Colin pratiquait, ce beau dimanche d'automne, son heure et demie de marche nordique lorsqu'il se fit à voix haute la réflexion suivante: « En marchant ainsi, suis-je dans le cadre du Développement Durable ? »
Il s'arrêta brusquement comme figé, s'appuyant sur ses bâtons.
Léa, qui le suivait, frotta son nez endolori (elle avait heurté Colin, brutalement stoppé) : « Que t'arrive-t-il, c'est le Grenelle de l'environnement qui t'est monté à la tête ? » Léa avait durablement développé l'extrémité de son nez rougi et Colin la prit dans se bras pour la consoler.
Ils s'assirent à l'abri d'un grand chêne dans lequel quelques pinsons voletaient. Cette nature bruissante et vivante semblait les inviter à la reconnaissance : sans elle, son équilibre, ses couleurs changeantes, les multiples variations des saisons, que seraient-ils en somme : des robots dans un monde artificiel ?
Léa reprit: " Il me semble que le monde change ; je veux dire : tout le monde, les gens que je côtoie, les personnes qui parlent ou écrivent dans les médias. Toi-même, mon Colin, tous vous semblez en proie à une douloureuse prise de conscience : ce monde est fini, dans le sens qu'il va s'achever bientôt probablement mais aussi dans le sens qu'il a une extrémité contre laquelle nous allons nous écraser, nous, humanité stupide et grandiloquente. "

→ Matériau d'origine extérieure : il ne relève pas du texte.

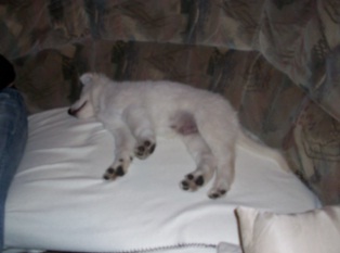 Dann tauchen da Leute am Mittwoch auf, ich kenne sie zwar, sie waren schon einige Male hier um mit mir und den Geschwistern sowie mit der Mama mit Trixi und Sunny zu spielen also auf gut Deutsch „ Gutes Wetter machen „ , nehmen mich auf den Arm, noch schnell zwei Bilder gemacht, Denise und Gaby haben auch nichts verraten sondern mich nur so herzlich gedrückt, ich war der Meinung etwas sehr gut gemacht zu haben Bernd hat mich auch noch gestreichelt, Mama Anouk mich traurig angeschaut und schwups sitze ich in einem mir fremden Auto. Überall Knöpfe, dunkle Scheiben und schon geht die Fahrt, ich auf dem Schoss einer jungen Frau ich glaube es ist die Tochter dieser Leute, los. Ich kam mir vor wie auf der Flucht. Wir entfernten uns von zu Hause ich konnte gar nicht mehr zurückschauen und jetzt wurde mir erst bewusst, hier stimmt etwas nicht. Also jammern , jammern und weiter jammern. Meine Entführer waren der Meinung ich muss mal pullern und damit ja nicht das Auto versaut wird hielten wir an. Das ist die Gelegenheit dachte ich mir. Wenn die Türe aufgeht laufe ich nach Hause. Aber die waren schlauer, ich wurde an eine Leine gehängt. Also nichts mit der Flucht. Vor Verzweiflung habe ich dann gepullert und die Fahrt ging weiter. Mir blieb also nichts weiter übrig als meine Mitfahrer mit Verachtung zu strafen und alles auf mich zukommen zu lassen. Es wird sich schon eine Gelegenheit zur Flucht ergeben. Dann kamen wir in meinem so genannten neuen zu Hause an. Na ja, die Aufnahme war freundlich, da sass noch ein Mann da, weisses Haar hatte er wie ich und versucht mit mir eine Konversation herbei zu führen. „ Hallo Balou, da bist du ja. Gut höflich bin ich zu ihm hingegangen, habe mich streicheln lassen und dann einfach vor seine Füße geschmissen. Ignorieren war die Devise, wenn ich das durchhalte dann bringen sie mich bestimmt zurück. Nun versuchten sie sich bei mir einzuschmeicheln. Zuerst mein so genanntes, zukünftiges Herrchen,
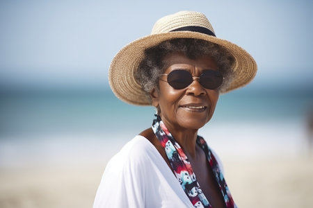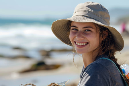 A woman is smiling and wearing a hat on a beach. She is holding a bottle in her hand
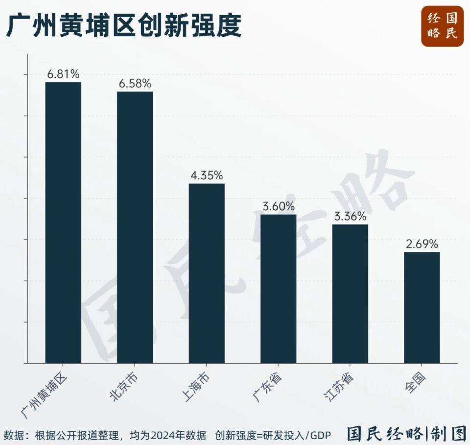 论创新实力,黄埔区、广州开发区 2024 年研发强度(研发投入 /GDP)高达 6.81%,达到世界一流水平,分别相当于全省、全国的 1.9 倍、2.5 倍,一个区的研发投入超过西部、东北的 11 个省份。
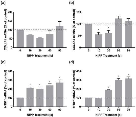 Impact of NIPP on COL1A1 and MMP1 mRNA levels in HGF and HGK at 24 h. Treatment was performed for the indicated times: (a) COL1A1 mRNA in HGF; (b) COL1A1 mRNA in HGK; (c) MMP1 mRNA in HGF; (d) MMP1 mRNA in HGK. n = 9. * statistical significance compared to control (0 s) (p < 0.05).
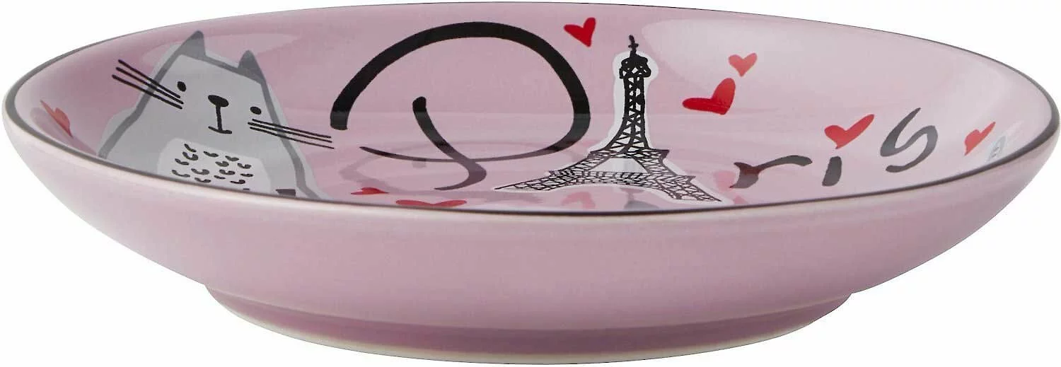 - The Frisco Paris Non-skid Ceramic Cat Dish is crafted with a distinctive Paris-themed design outside and “kiss me” graphic inside.

" Oui " répondit Colin " c'est pour cela que je pensais calculer le bilan carbone de notre marche ; même si tout est fini, dans le sens fichu - foutu - mort, je veux savoir si je peux encore, moi, toi, nous tous, empêcher de rajouter un effet néfaste à la déchéance écologique de notre planète".
" Vas-y, calcules " dit Léa.
" C'est simple : la marche c'est zéro rejet de carbone, donc, la marche nordique n'aggrave pas le réchauffement climatique. "
" Alors, on repart ! " s'exclama joyeusement Zoé en rassemblant ses bâtons et une toute nouvelle énergie.
" Non " répliqua Colin, " ce n'est pas si simple. Regardes tes chaussures, tes vêtements, tes bâtons en fibre de carbone, ton sac à dos et ce qu'il contient, ton téléphone portable, ton iPod : tout cet attirail, d'où vient-il ? Qui l'a fabriqué ? Est-il recyclable ? Vient-il de circuits de commerce équitable, d'industries non polluantes ? Les ouvriers qui les ont fabriqués sont-ils des enfants ou des femmes honteusement exploités ? Les tissus sont- ils issus de l'agriculture biologique ? Les colles, les composants électroniques contiennent-ils des substances nocives... Que sais-je ? Il faut se poser toutes ces questions et d'autres encore : Nous sommes venus en métro, mais nous aurions pu venir en énorme 4x4 très polluant ; nous avons un sac pour nos déchets mais nous aurions pu les jeter dans la nature..."
" Oh! Là, Là! " répondit Léa " J'en ai mal au crâne : c'est impossible de penser à tout, de prendre tout en compte, il faudrait être obsédé et, finalement, s'abstenir de nos activités de loisir si l'on voulait respecter strictement une conduite en faveur du Développement Durable."
" C'est exact, Léa. Il est toutefois possible, comme avec la marche nordique, de procéder par apprentissage, de commencer par les actions les plus simples, comme la gestion des déchets et le mode de transport, puis, progressivement, analyser une par une nos actions et leurs conséquences : c'est-à-dire les moyens que nous utilisons pour les accomplir. Cette prise en compte doit concerner les principaux facteurs que tous les deux nous pouvons modifier en faveur du Développement Durable. Et ainsi de suite pour chaque citoyen.
" OK, pensons-y. Et si nous repartions maintenant ?" acheva Colin.